At ordinary conditions, HF (normal boiling point = 20oC is a liquid, whereas HCl normal boiling point = -114oC) is a gas.
1. The hydrogen is bonded to the highly electronegative F atom and exhibits a special type of dipole-dipole IMF called hydrogen bonding.
2. H-Cl molecules are held together with only dipole-dipole forces (not FON) therefore they do not have hydrogen bonding. It takes more energy to separate the HF molecules than the HCl molecules due to the added H-bonding of the HF molecule.
1 pt IMF, 1 pt energy
Molecules of ASF3 are polar, whereas molecules of AsF5 are nonpolar, why?

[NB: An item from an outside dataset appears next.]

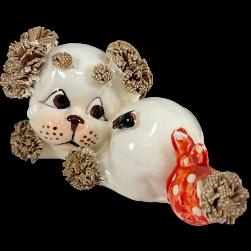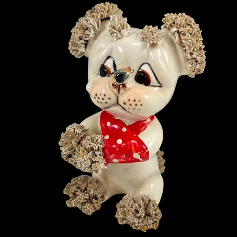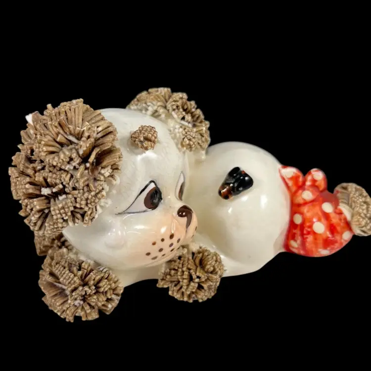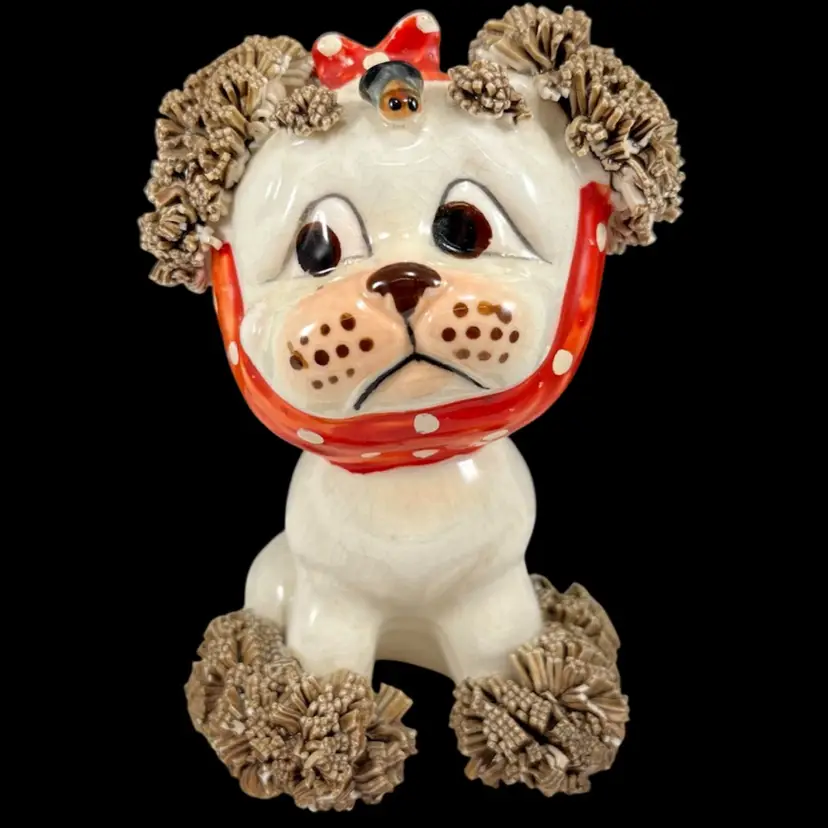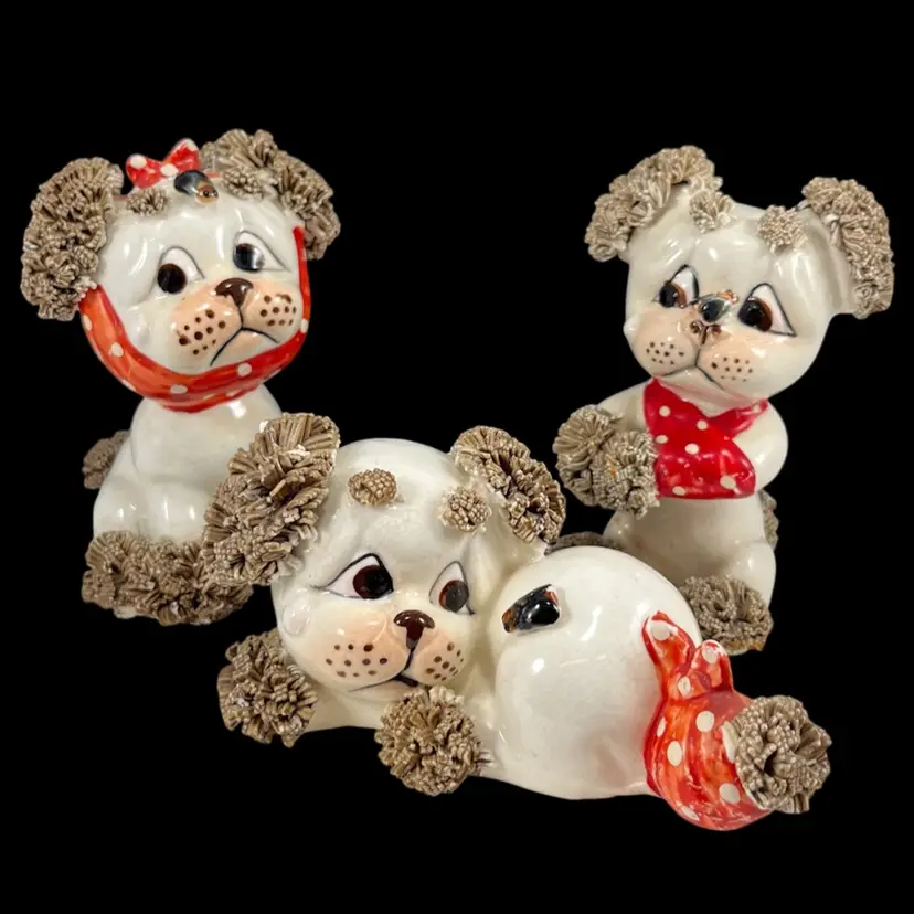 *Read* Set Of Three Vintage Lefton Spaghetti Dogs With Bees And Bandages, Lefton Sad Poodle Puppies With Bandages And Bug, Lefton Porcelain Spaghetti Puppies, Vintage Lefton Dog Figurines, Set of 3 Vintage Lefton Spaghetti Puppy Dog Figurines – Red Bandana Series

1. First draw out the Lewis structure to see what you’re dealing with.
2. AsF3 is trigonal pyramidal and AsF5 is trigonal bipyamidal.
3. AsF3 is polar because it has a net dipole moment due to the presence of a lone pair of e- with no other lone pair (of e-) oriented to cancel out the dipole.
4. AsF5 has all of its dipole moments cancelling each other.
1 pt for AsF3 having a lone pair of electrons making it polar, and 1 pt for AsF5 being nonpolar because its dipole moments cancel.
The N-O bonds in the NO2- ion are equal
in length, whereas they are unequal in HNO2.
Draw structures first. When drawing acids, the hydrogen will always bond to the oxygen.
NO2- has resonance structures with a bond order
of 1.5 for each N-O bond. This is because there are two single and one double bond for 2 structures. HNO2 does not have resonance and has one single bond which is longer than the other double bond which has a shorter length.
1 pt resonance structure (you don’t have to have bond order).
1 pt for HNO2 having two distinctly different bonds-you can even go into sigma, pi if you want to.
For sulfur, SF2, SF4 and SF6 are known to exist whereas for oxygen only OF2 is known to exist.
Sulfur has valence electrons in the 3rd principle energy level (n=3). But since its on the 3rd level, those electrons can expand its octet into the d sublevel and form 6 bonds around the central atom (SF6). Oxygen has valence electrons in the 2nd energy level (n=2) and cannot expand into the d orbitals because they are not available. Therefore, oxygen cannot expand its octet.